Decreased oxidative stress rescues the sensitivity RBF1-depleted larvae to fasting and impacts nucleotide synthesis

To directly test the idea that oxidative stress is important for the sensitivity of RBF1-depleted larvae to fasting, we asked whether the strong antioxidant N-acetyl-cysteine (NAC) was sufficient to rescue this sensitivity. As before, control and RBF1-depleted animals were shifted from nutrient-rich food sources 40–48 h ALH and placed in either PBS or PBS + NAC. Viability comparisons showed that NAC treatment provided no benefit in control animals but completely rescued the increased sensitivity of RBF1-depleted animals to fasting (Fig. 6C).

To understand the basis for this rescue, we examined the effects of NAC treatment on glutathione and nucleotide synthesis. NAC treatment decreased the levels of GSH in all genotypes (Fig. 6D) presumably because of the reduced need to prevent oxidative stress. Consistent with this change in GSH production, NADPH levels significantly dropped in all genotypes as well (Fig. 6E). Hence, the levels of GSH and NADPH production in the RBF1-depleted larvae appear to be tightly associated with the need for GSH.

These changes suggested to us that more glutamate carbon would be available for de novo nucleotide synthesis and that more GSH would be available for dNTP formation. We hypothesized that this might decrease the use of nucleotide salvage pathways for nucleotide production. Indeed, NAC treatment dramatically reduced the levels of nucleotide salvage pathway intermediates in both control and RBF1-depleted larvae (Fig. 6F-G). This raises the possibility that one of the reasons why the nucleotide salvage pathways are heavily used in RBF1-depleted cells is to conserve GSH for oxidative stress protection.

If a decrease in oxidative stress does indeed release glutamate and glutathione available for use in nucleotide synthesis in RBF1-depleted larvae, then we would expect to see increased levels of aspartate and dNTPs from de novo synthesis in the presence of NAC. NAC treatment had no significant effect on aspartate pools in control animals but significantly increased the aspartate pools in the RBF1-depleted larvae (Fig. 6H), a change that correlated with a greater increase in OAA levels (Supplemental Fig. 3D). NAC treatment also increased the pools of dNTPs in both control and RBF1-depleted larvae, with the increase being more significant in RBF1-depleted animals (Fig. 6I).
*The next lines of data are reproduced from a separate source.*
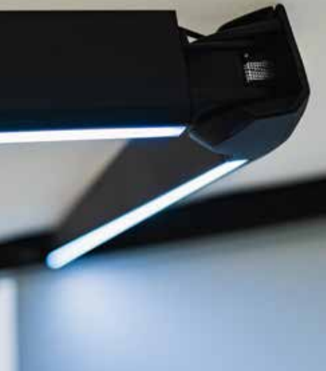
4-way cable arm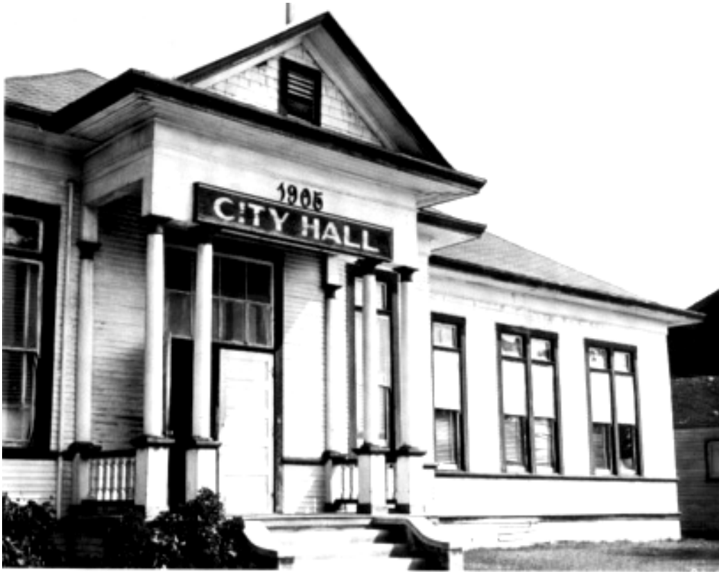
Newport Beach's first City Hall. Originally this structure was an elementary school.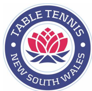
TABLE TENNIS NSW INC.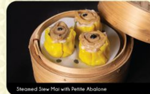
Steamed Siew Mai with Petite Abalone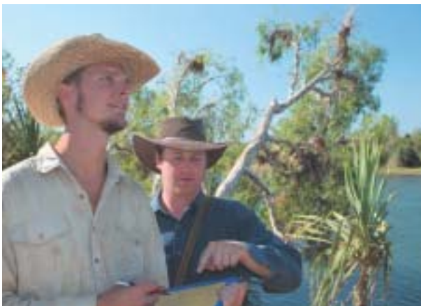
Undertaking the TRARC.

Many national, state and territory, regional, and local programs have been established in recent years for assessment of catchments, rivers, and riparian zones. Several are primarily concerned with monitoring and reporting change in extent, condition or ecological status (e.g. State of the Environment reporting), but some use the collated data for evaluation purposes related to management or policy (e.g. the National Land and Water Resources Audit). These programs use different approaches to assessment, a wide range of indicators, and different measurement methods. A list of programs and of websites with stored data is provided by Whittington (2002).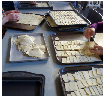
Ready for cutter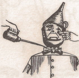
'THE TIN WOODMAN'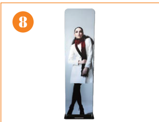
8. Completed Snello frame with graphic.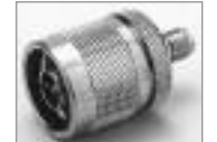
'N' (M) to SMA (F)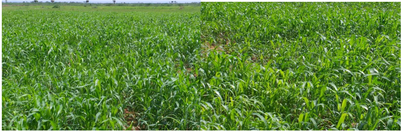
Improved forage grasses introduced in the project area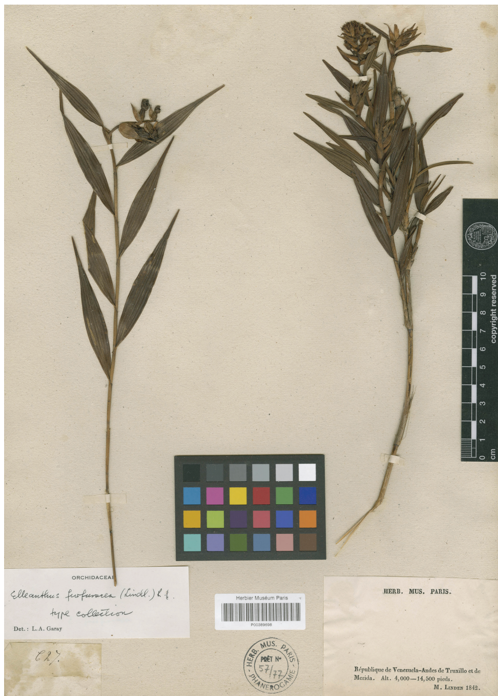
Figure 5. Evelynia furfuracea Lindl. Specimen Linden 627 at the Museum National d'Histoire Naturelle, Paris (P00389698) designated here as lectotype (CC BY 4.0; http://coldb.mnhn.fr/catalognumber/mnhn/p/p00389698 ).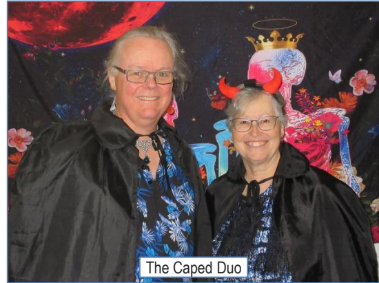
The Caped Duo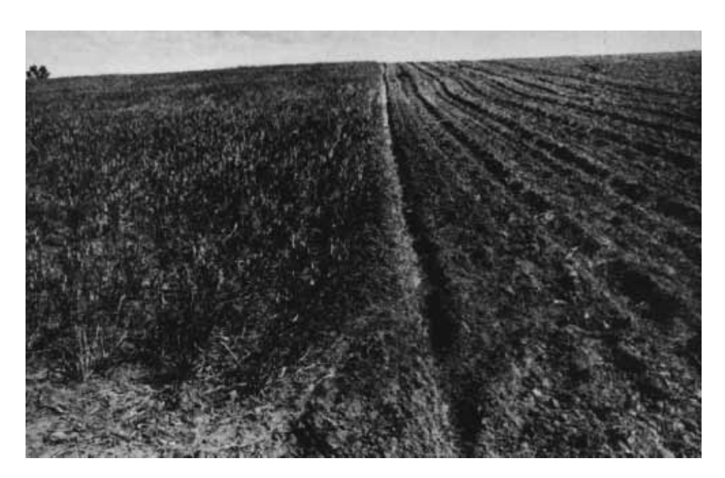
63. Mallee Research Station, Walpeup. Part of drift control equipments - on left - oats acting as cover crop - to be grazed. On right - furrowed fallow.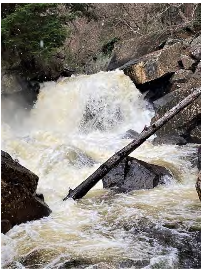
High falls on the West Branch Sacandaga River, Wells, NY

project; I removed the cobbles and stones down to a foot or 15 inches; added topsoil and sand, and added organic matter, including compost, old potting mix, coir, and occasionally peat moss. The goal was a porous soil fairly rich in organic matter, and the goal seems to have been met, after many bags of amendments. Primulas, ferns, and other shade loving perennials are doing well. Both of these beds are mulched every year, which helps to replenish the organic matter lost through oxidation. Standard advice for amending clay soil is not to add sand and just add organic matter. I believe if you have clay soil that adding sand can be helpful if added along with significant amounts of organic matter. Warning: if you're amending soil with not fully composted horse manure or wood chips, these can create a nitrogen sink in your soil (i.e. the wood chips or manure, which usually contains wood chips or sawdust, will tie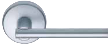
Horizon lever on smooth round rosette 9348 CP SC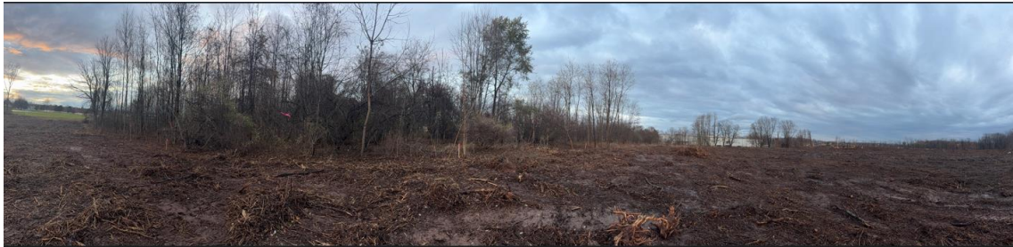
N-NE-E View of site.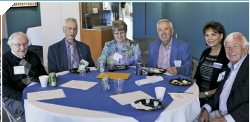
Class of 1953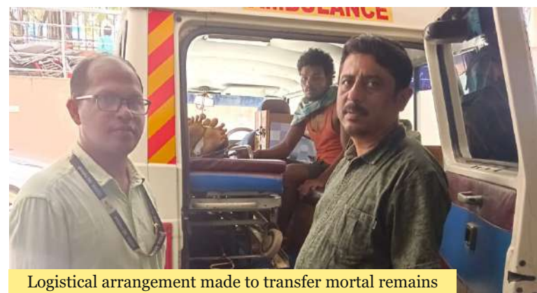
Logistical arrangement made to transfer mortal remains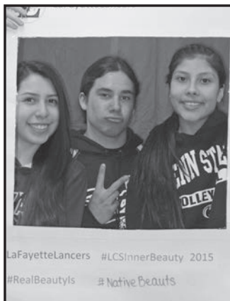
LaFayetteLancers #LCSinnerBeauty 2015 #RealBeautyIs #NativeBeautis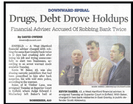
Hartford Courant, Front Page; 2-14-2016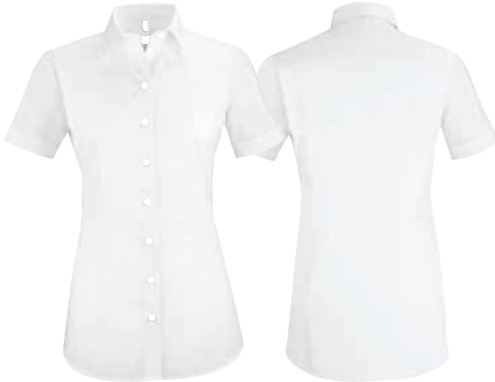
NO.: 6516.1120.090 WEISS | WHITE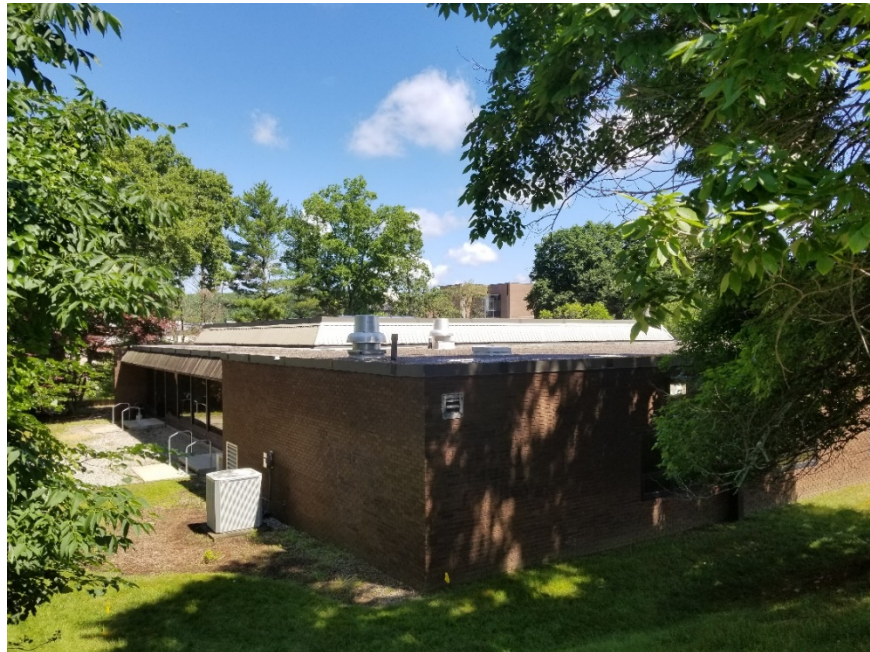
Tasker Roof seen from the southwest

These observations show a clear link between the oxidative stress in RBF1-depleted cells and nucleotide synthesis.

Taken together, our results demonstrate that RBF1 regulates glutamate usage in both fed and fasted conditions. The increased demands for nucleotide and GSH synthesis that occur when RBF1 is depleted place strong pressure on the supply of glutamine carbons, and this becomes especially significant when RBF1-depleted animals are fasted.

pRB modulates glutamine catabolism in human tumor cell lines

To test whether the role of pRB family proteins in regulating glutamine usage is conserved in human cells, we used [U-13C5]-glutamine to trace the metabolic fate of glutamine in hTERT-RPE-1 (RPE) cells (a line of hTERT-immortalized retinal pigment epithelial cells) and looked for changes in flux following pRB knockdown (Supplemental Fig. 4A).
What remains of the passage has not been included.